Olhar Vazio

EDGAR POE OU LE REGARD VIDE, par Jean-François Mattéi

A publicação original do conto ocorreu em dezembro de 1840 na The Burton’s Gentleman’s Magazine, na Filadélfia, periódico que passou a se chamar The Graham’s Magazine com aquele número, e a versão definitiva saiu cinco anos depois em Nova York e Londres.

Os dois olhares

A trama da narrativa é apresentada de forma muito simples, envolvendo um narrador anônimo que, convalescente, observa a rua de um grande café londrino.

A perseguição do velho através do Londres nebuloso leva o narrador por um labirinto de ruas escuras, bazares, avenidas elegantes e bairros sórdidos, enquanto a noite avança.

O conto de Poe se tensiona entre dois olhares, ou duas contemplações, que se equilibram a partir de um terceiro olhar, de natureza bem diferente.

O flâneur de Baudelaire

A comparação entre os títulos inglês e francês da narrativa revela uma leve ambiguidade, pois Poe fala de the crowd enquanto Baudelaire entende as foules, ambos destacando a singularidade do homem que se perde nela ou nelas.

O homem das multidões de Poe

As indicações da estética baudelairiana e de sua paráfrase benjaminiana correspondem ponto por ponto à cena de abertura de L’Homme des foules no café.

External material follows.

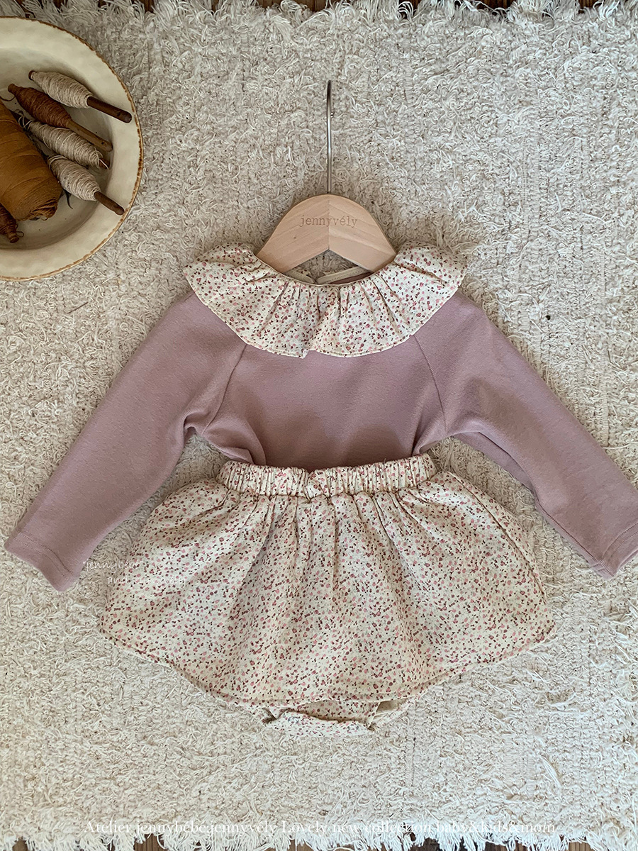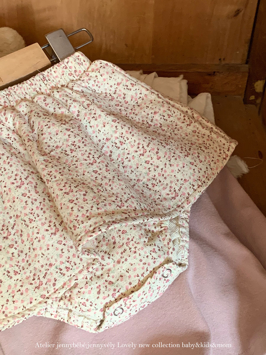 韓版秋季 73~100cm – 碎花粉粉包屁套裝(上衣+下褲)
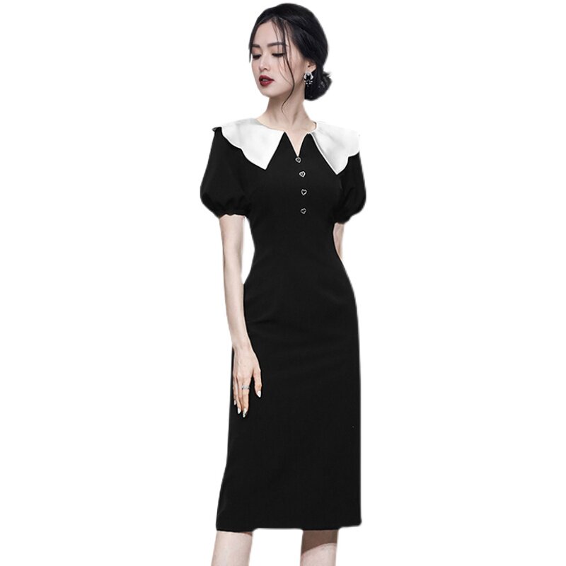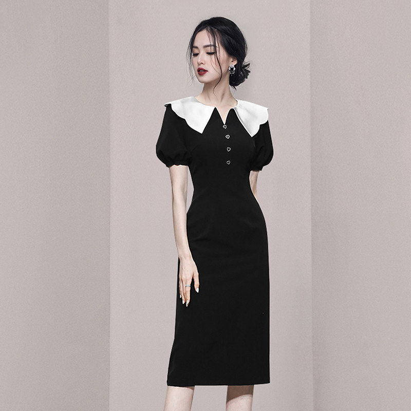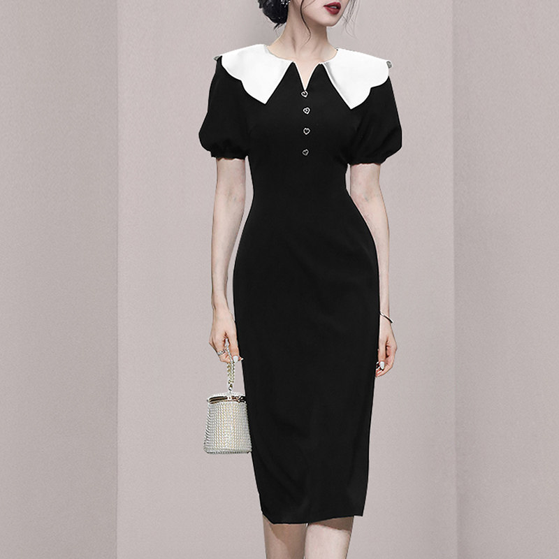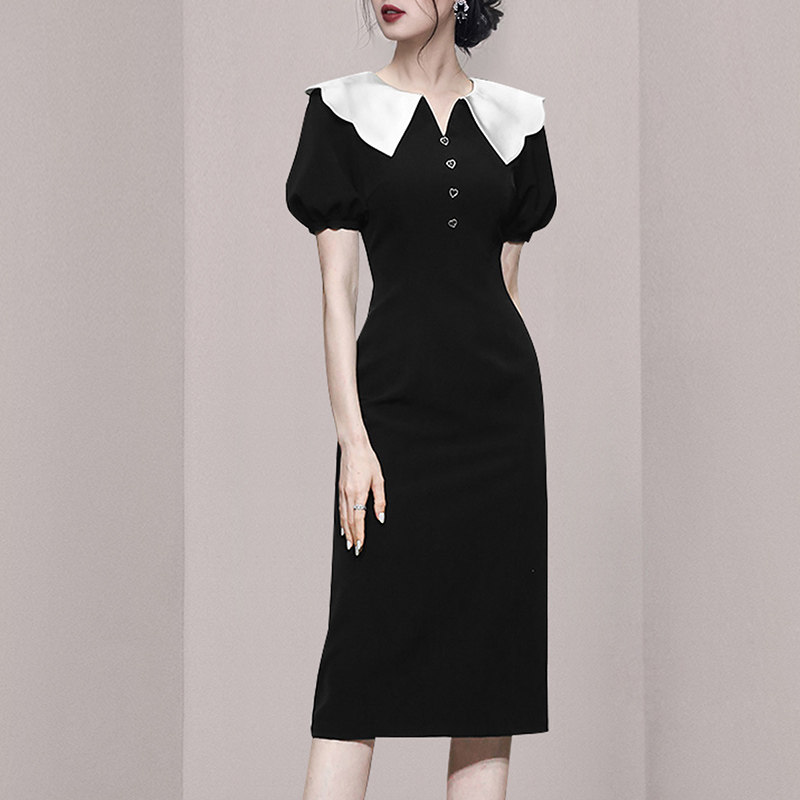 HiSunday puff sleeve French temperament slim contrast color doll collar little black dress Hepburn style jumpsuit qun

Quatro leituras graduadas e convergentes são propostas para desvendar o enigma do relato: uma leitura política, uma ontológica, uma ética e, apenas esboçada, uma leitura teológica.

A figura do duplo

O motivo do duplo percorre toda a literatura romântica do século XIX, de Chamisso a Dostoiévski, passando por Hoffman, Nerval, Maupassant, Stevenson e Oscar Wilde.

O olhar de Deus

A trama policial de William Wilson é idêntica à de Édipo Rei, onde o investigador se confunde com o criminoso sem o saber, assistindo-se ao desdobramento de uma única consciência dilacerada.

A inversão do olhar vazio em um olhar pleno, ou a reversão da ignorância em conhecimento, torna-se necessária tanto em Poe quanto em todo investigador.